1 - Moustache
Le chat avait une moustache énorme.
Enfin non.
Ses vraies moustaches étaient parfaitement normales, quoique un peu longues. C’était plutôt les tâches de son pelage qui faisaient illusion. Claires, elles se démarquaient sur sa fourrure gris souris et formaient le motif insolite de bacchantes qui tombaient jusque dans son cou. Pour compléter le tout, il donnait l’impression d’avoir d’épais sourcils, ou plutôt un monosourcil qui ne mettait pas vraiment en valeur ses yeux vert lichen.
Ce chat somme toute peu banal menait jusque-là l’existence féline la plus ordinaire qui soit. Jusqu’au jour où il décida d’escalader un immeuble rouennais parmi tant d’autres, étage par étage, de balcon en fenêtre et de gouttière en colombage. Puis de passer une tête curieuse - son expression rehaussée par son monosourcil - dans une cuisine d’où s’échappait une fragrance gourmande. Un mélange de sucre et de fleur d’oranger, rehaussé par les crépitements de la pâte à crêpes en train de cuire.
Les longues moustaches de l’animal frémirent et il ne put résister à tant de tentations. Il se faufila dans la pièce, ses pupilles se rétractant de gourmandise alors qu’il approchait de la pile de crêpes fumantes.

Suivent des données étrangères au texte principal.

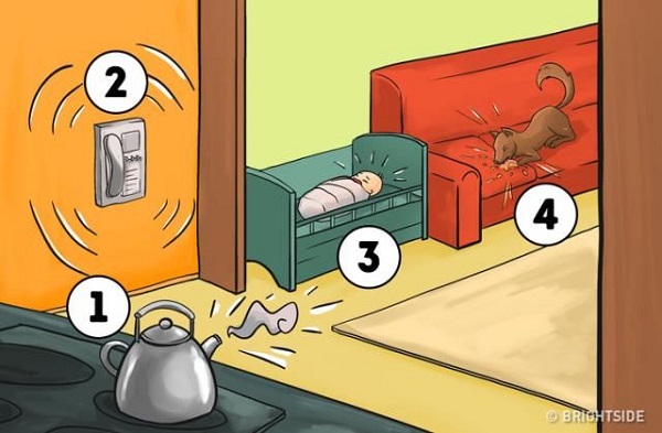 Képzeld el, hogy az alábbi képen látható szituációban lépsz be a lakásodba! Mit tennél először? Levennéd a teát a tűzről? Felvennéd a telefont? Megnyugtatnád a síró kisbabát? Kizavarnád a kutyát? Ha döntöttél, akkor olvasd el az ahhoz tartozó elemzést!

- Tiens, depuis quand tu as un chat ? demanda une voix grave à laquelle il ne prêta pas la moindre attention.
- Quel chat ? Hé !
Cette exclamation eut le mérite de faire sursauter le chat qui, bien conscient de son larcin, se dépêcha de déguerpir par là même où il était entré. Avec, bien entendu, une crêpe dans la gueule sur laquelle il trébucha une ou deux fois. Heureusement, son agilité naturelle lui permit de s’en sortir sans une égratignure, laissant derrière lui deux colocataires surpris par ce chapardage. L’un d’eux, le premier à avoir parlé, esquissa un sourire ému.

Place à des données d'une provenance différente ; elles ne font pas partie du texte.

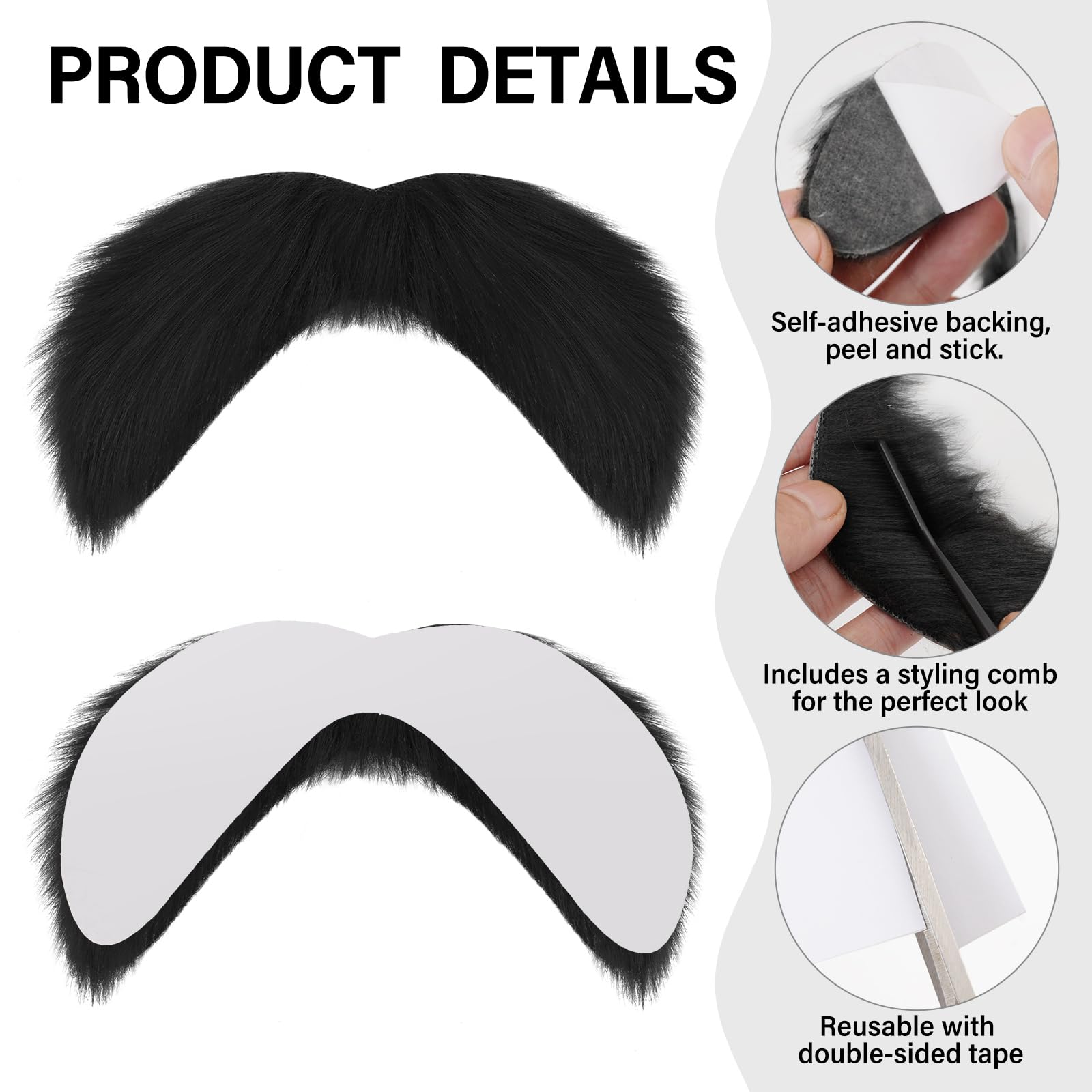 Description Imagine walking into a party with the fluffiest, most eye-catching mustache and eyebrows anyone’s ever seen. Heads turn, laughter erupts, and suddenly, you’re the life of the event. That’s the magic of our Fluffy Mustache and Eyebrows Set! It's more than just a fake mustache – it’s your ticket to creating hilarious, unforgettable memories. Unlike those flimsy fake mustaches that fall off as soon as you smile, ours comes with top-quality double-sided tape that keeps your mustache and bushy eyebrows firmly in place, no matter how much you laugh, talk, or dance. And if you feel like switching things up, the included comb lets you groom and style your look, so you’re always ready for the next big role – from quirky grandpa to over-the-top villain. Perfect for Halloween, costume parties, or just when you want to bring a bit of joy to a dull day, this mustache costume set promises hours of fun and laughter. Reusable and comfortable, you can count on it to be your go-to accessory whenever you feel like transforming into someone hilariously different. So go ahead, stick on this fake mustache, and get ready to spread the laughs!

- Je n’ai jamais autant entendu le son de ta voix, Léandre, c’est merveilleux !
Les jours qui suivirent ne furent pas différents. Le chat-pardeur était devenu tant accro aux crêpes qu’il ne pouvait plus y résister. La différence était qu’il fut accueilli plus calmement. À la place du « Hé ! » indigné du fameux Léandre, il eut droit à un regard intrigué de sa part et à des mouvements lents tandis qu’il poussait vers lui une écuelle d’eau et une crêpe. Il la dévora, sur place cette fois, son monosourcil arqué tandis qu’il veillait à ne pas se faire attraper. Léandre n’en fit rien.

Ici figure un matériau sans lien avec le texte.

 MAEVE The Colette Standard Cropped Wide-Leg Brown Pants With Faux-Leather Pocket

- On devrait lui donner un nom, lui proposa un jour son colocataire, Marlon.
- Pourquoi ?
- Il a l’air de se plaire ici ! Pourquoi pas Mono ou Astérix ? Rapport à…, commença-t-il en désignant les attributs poilus du félin.
Ces propositions furent accueillies par l’expression sceptique du jeune homme et une oeillade méprisante du chat.
- Bon, allons au plus simple : Moustache ?
C’était manifestement trop simple mais mieux reçu. Inévitablement, après quelques ajustements, un nom adéquat fut trouvé et c’est ainsi que le chat Eustache trouva sa place dans la colocation de Léandre et Marlon.